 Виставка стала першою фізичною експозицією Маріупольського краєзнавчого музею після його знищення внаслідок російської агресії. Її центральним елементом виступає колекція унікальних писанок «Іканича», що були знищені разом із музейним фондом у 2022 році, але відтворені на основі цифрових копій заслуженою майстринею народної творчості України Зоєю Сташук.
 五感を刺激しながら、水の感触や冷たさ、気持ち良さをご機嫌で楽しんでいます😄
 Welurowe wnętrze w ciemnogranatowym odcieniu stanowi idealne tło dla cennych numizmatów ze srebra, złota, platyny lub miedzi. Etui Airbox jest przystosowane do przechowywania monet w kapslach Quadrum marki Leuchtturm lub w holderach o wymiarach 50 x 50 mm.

▬▬▬▬▬▬▬▬▬▬

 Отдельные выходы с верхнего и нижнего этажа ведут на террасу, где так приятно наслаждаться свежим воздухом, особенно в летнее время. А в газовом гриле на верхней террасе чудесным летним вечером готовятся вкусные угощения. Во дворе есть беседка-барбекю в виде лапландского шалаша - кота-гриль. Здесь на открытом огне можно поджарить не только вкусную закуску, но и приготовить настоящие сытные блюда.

▬▬▬▬▬▬▬▬▬▬

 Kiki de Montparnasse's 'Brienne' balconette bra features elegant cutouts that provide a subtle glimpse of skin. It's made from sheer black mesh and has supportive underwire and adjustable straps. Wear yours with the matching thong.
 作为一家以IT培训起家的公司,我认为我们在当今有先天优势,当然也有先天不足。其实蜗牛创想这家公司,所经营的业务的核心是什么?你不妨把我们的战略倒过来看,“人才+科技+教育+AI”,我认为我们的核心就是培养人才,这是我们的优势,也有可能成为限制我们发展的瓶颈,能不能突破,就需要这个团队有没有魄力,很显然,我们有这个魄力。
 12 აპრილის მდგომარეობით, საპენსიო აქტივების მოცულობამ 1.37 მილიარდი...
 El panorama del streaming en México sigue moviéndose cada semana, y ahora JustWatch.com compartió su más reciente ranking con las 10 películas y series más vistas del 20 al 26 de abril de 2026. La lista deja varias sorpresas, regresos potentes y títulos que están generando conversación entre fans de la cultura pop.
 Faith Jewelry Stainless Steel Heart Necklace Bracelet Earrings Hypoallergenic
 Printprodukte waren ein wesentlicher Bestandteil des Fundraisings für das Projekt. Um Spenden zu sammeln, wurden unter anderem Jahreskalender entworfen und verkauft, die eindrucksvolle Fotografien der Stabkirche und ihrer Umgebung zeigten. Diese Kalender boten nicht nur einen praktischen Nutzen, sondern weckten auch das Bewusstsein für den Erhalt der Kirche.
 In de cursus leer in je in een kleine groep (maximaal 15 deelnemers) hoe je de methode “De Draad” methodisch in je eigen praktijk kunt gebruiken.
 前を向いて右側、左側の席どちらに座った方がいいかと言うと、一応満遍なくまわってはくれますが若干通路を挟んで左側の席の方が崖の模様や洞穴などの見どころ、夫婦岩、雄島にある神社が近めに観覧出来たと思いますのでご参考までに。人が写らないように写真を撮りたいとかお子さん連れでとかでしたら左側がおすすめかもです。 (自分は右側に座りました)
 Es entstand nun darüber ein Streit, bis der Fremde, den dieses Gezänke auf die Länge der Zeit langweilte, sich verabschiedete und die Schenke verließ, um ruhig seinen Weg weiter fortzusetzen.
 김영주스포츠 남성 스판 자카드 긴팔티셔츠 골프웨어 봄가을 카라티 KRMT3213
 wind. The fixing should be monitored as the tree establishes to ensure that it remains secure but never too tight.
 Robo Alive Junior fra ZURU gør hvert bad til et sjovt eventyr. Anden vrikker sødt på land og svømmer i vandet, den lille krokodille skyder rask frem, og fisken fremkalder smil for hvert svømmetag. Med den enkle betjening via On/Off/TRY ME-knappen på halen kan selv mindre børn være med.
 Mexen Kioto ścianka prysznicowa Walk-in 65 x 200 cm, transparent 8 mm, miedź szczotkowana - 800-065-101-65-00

▬▬▬▬▬▬▬▬▬▬

• What to do:
Output the lines of the records above exactly as they appear, from the line containing "Виставка стала першою" through the line containing "Welurowe wnętrze w".

• Solution for this task:
 Виставка стала першою фізичною експозицією Маріупольського краєзнавчого музею після його знищення внаслідок російської агресії. Її центральним елементом виступає колекція унікальних писанок «Іканича», що були знищені разом із музейним фондом у 2022 році, але відтворені на основі цифрових копій заслуженою майстринею народної творчості України Зоєю Сташук.
 五感を刺激しながら、水の感触や冷たさ、気持ち良さをご機嫌で楽しんでいます😄
 Welurowe wnętrze w ciemnogranatowym odcieniu stanowi idealne tło dla cennych numizmatów ze srebra, złota, platyny lub miedzi. Etui Airbox jest przystosowane do przechowywania monet w kapslach Quadrum marki Leuchtturm lub w holderach o wymiarach 50 x 50 mm.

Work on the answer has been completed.